A documentary, Michael Moore Hates America, which lambasts his methodology, is to be released; and a book, Michael Moore is a Big Fat Stupid White Man, will be published next week - a riff on the title of his bestseller Stupid White Men.

A conservative group, Move America Forward, has called on members to lobby their local cinema chains to stop them screening it.

"Since we are the customers of the American movie theatres, it is important for us to speak up loudly and tell the industry executives that we don't want this misleading and grotesque movie being shown in our local cinema," said the group's director, Siobhan Guiney.

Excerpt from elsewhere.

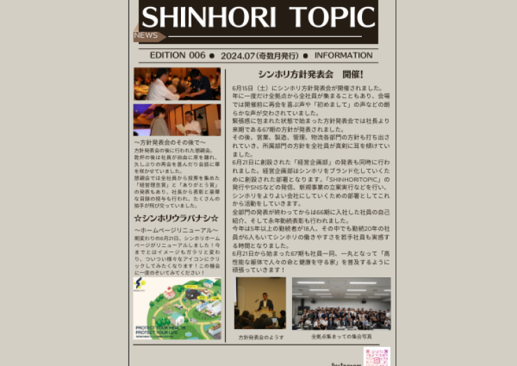 HOME > お知らせ > SHINHORITOPIC お知らせ SHINHORITOPIC新着情報イベントブログ RECOMMENDED NEWS SHINHORI TOPIC 9月号発行しました 2025.09.17SHINHORITOPIC SHINHORI TOPIC バックナンバー 2025.09.17SHINHORITOPIC SHINHORI TOPIC 7月号発行しました 2024.07.18SHINHORITOPIC

A letter-writing campaign by the group persuaded CBS to drop a TV documentary on Ronald Reagan held to be too disrespectful of the late president, but this time the group may fail.

"There has been some communication, but not an overwhelming amount. And we do intend to play the film," said Dick Westerling, the spokesman for one cinema chain, Regal Entertainment Group, which has 6,020 screens in the country.

David Bossie, head of another conservative group, Citizens United, has accused Moore of violating federal election laws: "Moore has publicly indicated that his goal is to impact this election."

There is some truth to this. "It's my personal aim that Bush is removed from the White House," says Moore, who has hired former Clinton operatives as a rapid response unit to any attacks that impugn the film's integrity. "But if the movie can inspire a few of the 50% of the Americans who do not vote to get involved and be engaged, then that is important."

While the film is far more subtle than Moore's previous work, there are few who have seen it who believe it will convert anybody who has not already made up their mind. But what it could do is galvanise those who may vote to get organised, and encourage those not inspired by the Democratic candidate, John Kerry, to go to the polls to remove Mr Bush.

To the charge that he was speaking to the choir, Mr Moore said: "I'm very happy to speak to them, because that choir has been asleep. If I can give them a song to sing as they leave the theatre and become active once again, that's a good thing."